Читать книгу The Complete Works of F. Scott Fitzgerald онлайн
1024 страница из 1457
But she was young and the artificial world was redolent of orchids and pleasant, cheerful snobbery and orchestras which set the rhythm of the year, summing up the sadness and suggestiveness of life in new tunes. All night the saxophones wailed the hopeless comment of the “Beale Street Blues,” while five hundred pairs of gold and silver slippers shuffled the shining dust. At the grey tea hour there were always rooms that throbbed incessantly with this low sweet fever, while fresh faces drifted here and there like rose petals blown by the sad horns around the floor.
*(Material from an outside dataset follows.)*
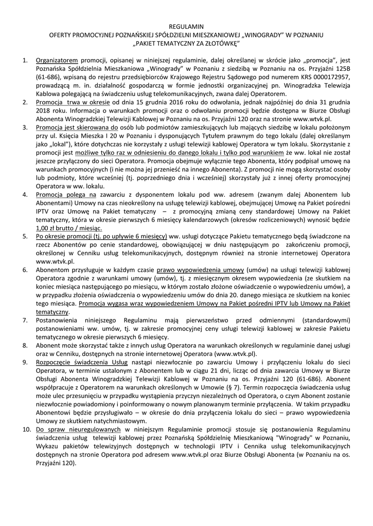 REGULAMIN OFERTY PROMOCYJNEJ POZNAŃSKIEJ SPÓŁDZIELNI MIESZKANIOWEJ „WINOGRADY” W POZNANIU „PAKIET TEMATYCZNY ZA ZŁOTÓWKĘ” 1. Organizatorem promocji, opisanej w niniejszej regulaminie, dalej określanej w skrócie jako „promocja”, jest Poznańska Spółdzielnia Mieszkaniowa „Winogrady” w Poznaniu z siedzibą w Poznaniu na os. Przyjaźni 125B (61-686), wpisaną do rejestru przedsiębiorców Krajowego Rejestru Sądowego pod numerem KRS 0000172957, prowadzącą m. in. działalność gospodarczą w formie jednostki organizacyjnej pn. Winogradzka Telewizja Kablowa polegającą na świadczeniu usług telekomunikacyjnych, zwana dalej Operatorem. 2. Promocja trwa w okresie od dnia 15 grudnia 2016 roku do odwołania, jednak najpóźniej do dnia 31 grudnia 2018 roku. Informacja o warunkach promocji oraz o odwołaniu promocji będzie dostępna w Biurze Obsługi Abonenta Winogradzkiej Telewizji Kablowej w Poznaniu na os. Przyjaźni 120 oraz na stronie www.wtvk.pl. 3. Promocja jest skierowana do osób lub podmiotów zamieszkujących lub mających siedzibę w lokalu położonym przy ul. Księcia Mieszka I 20 w Poznaniu i dysponujących Tytułem prawnym do tego lokalu (dalej określanym jako „lokal”), które dotychczas nie korzystały z usługi telewizji kablowej Operatora w tym lokalu. Skorzystanie z promocji jest możliwe tylko raz w odniesieniu do danego lokalu i tylko pod warunkiem że ww. lokal nie został jeszcze przyłączony do sieci Operatora. Promocja obejmuje wyłącznie tego Abonenta, który podpisał umowę na warunkach promocyjnych (i nie można jej przenieść na innego Abonenta). Z promocji nie mogą skorzystać osoby lub podmioty, które wcześniej (tj. poprzedniego dnia i wcześniej) skorzystały już z innej oferty promocyjnej Operatora w ww. lokalu. 4. Promocja polega na zawarciu z dysponentem lokalu pod ww. adresem (zwanym dalej Abonentem lub Abonentami) Umowy na czas nieokreślony na usługę telewizji kablowej, obejmującej Umowę na Pakiet pośredni IPTV oraz Umowę na Pakiet tematyczny – z promocyjną zmianą ceny standardowej Umowy na Pakiet tematyczny, która w okresie pierwszych 6 miesięcy kalendarzowych (okresów rozliczeniowych) wynosić będzie 1,00 zł brutto / miesiąc. 5. Po okresie promocji (tj. po upływie 6 miesięcy) ww. usługi dotyczące Pakietu tematycznego będą świadczone na rzecz Abonentów po cenie standardowej, obowiązującej w dniu następującym po zakończeniu promocji, określonej w Cenniku usług telekomunikacyjnych, dostępnym również na stronie internetowej Operatora www.wtvk.pl. 6. Abonentom przysługuje w każdym czasie prawo wypowiedzenia umowy (umów) na usługi telewizji kablowej Operatora zgodnie z warunkami umowy (umów), tj. z miesięcznym okresem wypowiedzenia (ze skutkiem na koniec miesiąca następującego po miesiącu, w którym zostało złożone oświadczenie o wypowiedzeniu umów), a w przypadku złożenia oświadczenia o wypowiedzeniu umów do dnia 20. danego miesiąca ze skutkiem na koniec tego miesiąca. Promocja wygasa wraz wypowiedzeniem Umowy na Pakiet pośredni IPTV lub Umowy na Pakiet tematyczny. 7. Postanowienia niniejszego Regulaminu mają pierwszeństwo przed odmiennymi (standardowymi) postanowieniami ww. umów, tj. w zakresie promocyjnej ceny usługi telewizji kablowej w zakresie Pakietu tematycznego w okresie pierwszych 6 miesięcy. 8. Abonent może skorzystać także z innych usług Operatora na warunkach określonych w regulaminie danej usługi oraz w Cenniku, dostępnych na stronie internetowej Operatora (www.wtvk.pl). 9. Rozpoczęcie świadczenia Usług nastąpi niezwłocznie po zawarciu Umowy i przyłączeniu lokalu do sieci Operatora, w terminie ustalonym z Abonentem lub w ciągu 21 dni, licząc od dnia zawarcia Umowy w Biurze Obsługi Abonenta Winogradzkiej Telewizji Kablowej w Poznaniu na os. Przyjaźni 120 (61-686). Abonent współpracuje z Operatorem na warunkach określonych w Umowie (§ 7). Termin rozpoczęcia świadczenia usług może ulec przesunięciu w przypadku wystąpienia przyczyn niezależnych od Operatora, o czym Abonent zostanie niezwłocznie powiadomiony i poinformowany o nowym planowanym terminie przyłączenia. W takim przypadku Abonentowi będzie przysługiwało – w okresie do dnia przyłączenia lokalu do sieci – prawo wypowiedzenia Umowy ze skutkiem natychmiastowym. 10. Do spraw nieuregulowanych w niniejszym Regulaminie promocji stosuje się postanowienia Regulaminu świadczenia usług telewizji kablowej przez Poznańską Spółdzielnię Mieszkaniową "Winogrady" w Poznaniu, Wykazu pakietów telewizyjnych dostępnych w technologii IPTV i Cennika usług telekomunikacyjnych dostępnych na stronie Operatora pod adresem www.wtvk.pl oraz Biurze Obsługi Abonenta (w Poznaniu na os. Przyjaźni 120).

In the center of this twilight universe Diana moved with the season, keeping half a dozen dates a day with half a dozen men, drowsing asleep at dawn with the beads and chiffon of an evening dress tangled among dying orchids on the floor beside her bed.
The year melted into summer. The flapper craze startled New York, and skirts went absurdly high and the sad orchestras played new tunes. For a while Diana’s beauty seemed to embody this new fashion as once it had seemed to embody the higher excitement of the war; but it was noticeable that she encouraged no lovers, that for all her popularity her name never became identified with that of any one man. She had had a hundred “chances,” but when she felt that an interest was becoming an infatuation she was at pains to end it once and for all.